Monday, September 9, 2013

MENENGOK NEGERI KINCIR ANGIN:
Perjalanan Santri Ndeso ke Belanda-Belgia (1)

Mas, bagaimana kalau saya “sekolah” lagi,” ucap istri saya, sekitar enam bulan lalu. “Saya ingin mengenal lebih jauh tentang penyakit jantung. Pada akhir Agustus tahun ini, European Society of Cardiology (ESC) akan menyelenggarakan pekan ilmiah tahunan di Amsterdam, Belanda. Tahun ini, saya ingin “sekolah” lagi tentang penyakit jantung, seperti beberapa tahun yang lalu di Vienna, Austria.
“Sendiri?” tanya saya.
“Saya maunya ditemani, seperti ketika “sekolah” di Istanbul pada 2009, dan di Sydney tahun lalu,” jawab istri saya, seorang dokter spesialis penyakit dalam.
“Ok, asal mau bergaya “backpacker” saja, dan gak pergi bersama rombongan dokter-dokter lain yang pergi ke sana dalam bentuk tour group.”
“Rasanya lebih nikmat dan hemat dengan cara “backpacker”an begitu. Saya benar-benar menikmati perjalanan dengan gaya begitu, ketika kita pergi ke Istanbul dan Sydney. Saya “sekolah”, sedangkan Mas jadi tour leader dan“ngluyur” ke mana-mana seperti biasanya, hehehe.”

Segera, kami pun memproses segala hal yang diperlukan dalam perjalanan tersebut. Alhamdulillah, sekitar tiga minggu lalu, visa “Etats Schengen” akhirnya kami dapatkan tanpa kami harus pergi ke Jakarta. Hal itu kami pernah pergi ke Eropa beberapa kali.  Selain ke Belanda, kami juga bermaksud pergi ke Belgia. Karena itu, sebelum berangkat, saya kemudian menghubungi Mas Andi Yudha Asfandiyar, mantan CEO Penerbit Mizan, yang kini bermukim di Brussels, bahwa saya akan mampir ke sana pada 4 September 2013. “Mas, monggo diantos di Brusselnya. Tanggal itu kami siap. Semoga perjalanan lancar dan sehatsegerbarokah selalu,” jawabnya lewat message di facebook. Dan, kebetulan, seorang sahabat yang juragan sebuah perusahaan IT di Jakarta juga mengajak kami untuk pergi bersama dari Belanda ke Belgia. Dia ingin membawa kami ke kantor cabangnya yang baru di Eindhoven dan kemudian pergi ke Brussels untuk bertemu dengan duta besar Republik Indonesia di sana.

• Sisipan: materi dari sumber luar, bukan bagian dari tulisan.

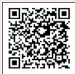
台糖 APP Android 手機下載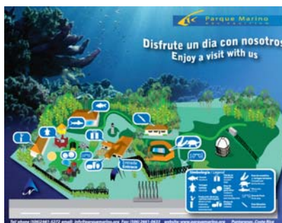
Mapa del Parque Marino del Pacífico

Luego puede confirmar la recepción del documento al teléfono 2661-5272/73, con la coordinación del Programa de Educación Ambiental.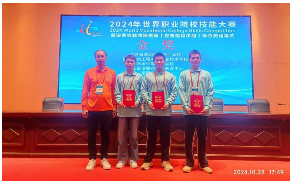
图 6: 兴国中专获世界职业院校技能大赛农机检修组赛项金奖

兴国中等专业学校作为全省唯一中职学校承办2024年世界职业院校技能大赛农机检修组赛项，并获得金奖，实现赣州市世界职业院校技能大赛（中职组）金奖“零突破”。学校以高标准、高质量、高要求、高水平的“四高”标准，确保赛事组织严谨有序、服务保障细致高效，获得了参赛团队和大赛组委会的高度评价。

Alhamdulillah.

Kemudian, pada Kamis sore, 29 Agustus yang lalu, kami pun telah berada di Bandara Internasional Soekarno-Hatta. Selepas melintasi konter imigrasi, dan ketika kami sedang duduk sebelum masuk ke dalam boarding lounge, tidak lama kemudian seorang saudara, Dr  M. Toyibi, dan istrinya, muncul. “Mas Toyibi mau ke mana?” tanya saya kepada dokter spesialis penyakit jantung yang bertugas di RS Persahabatan, Jakarta itu.
“Saya mau ke Amsterdam. Mau ikut ESC 2013 Meeting. Tapi, kami juga akan ke Swedia. Kalian mau ke mana?”
“Hehehe, sama Mas, ke Amsterdam. Selain ke Amsterdam, kami akan pergi ke Eindhoven dan Brussels, diajak Dik Harca, juragan perusahaan IT yang juga Mas Toyibi kenal. Dia akan melebarkan usahanya ke Belanda, Belgia, dan Jerman.”
“O, gitu. Kalau begitu, kami akan bergabung. Sebentar, saya akan kontak dia.”

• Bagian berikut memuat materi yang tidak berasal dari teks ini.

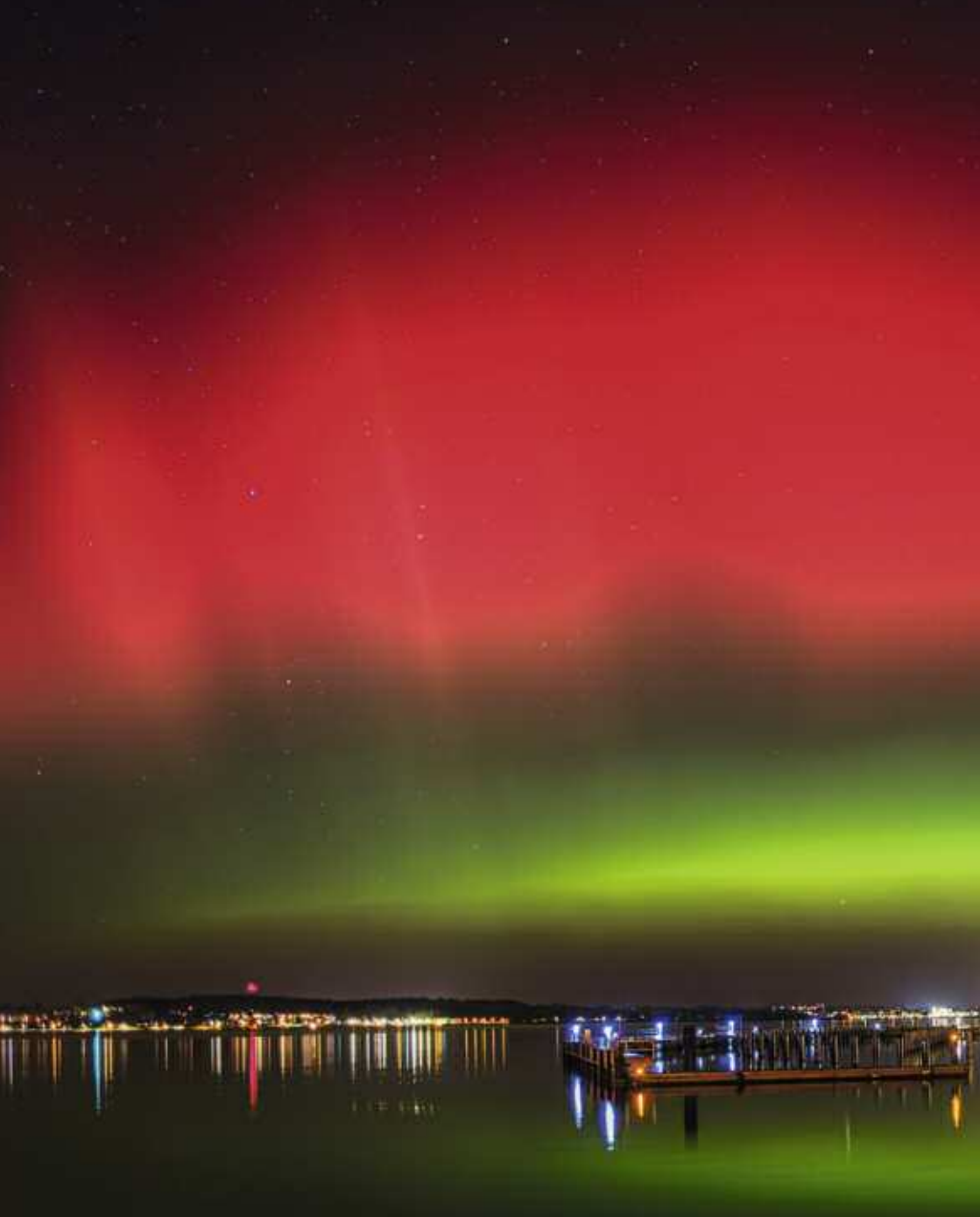
Polarlicht über der WVM

Selepas berucap demikian, dokter spesialis penyakit jantung yang ketika menjadi Ketua Dewan Mahasiswa Universitas Gadjah Mada pernah merasakan “hotel prodeo”, alias bui, selama sekitar setahun di Semarang, karena menentang kebijakan politik rezim yang berkuasa di Indonesia kala itu, segera mengontak juragan perusahaan IT yang sedang berada di Hamburg, Jerman itu. “Oke, dia setuju, saya dan istri ikut bergabung dalam perjalanan ke Eindhoven dan Brussels nanti,” ucap Mas Toyibi dengan wajah sumringah.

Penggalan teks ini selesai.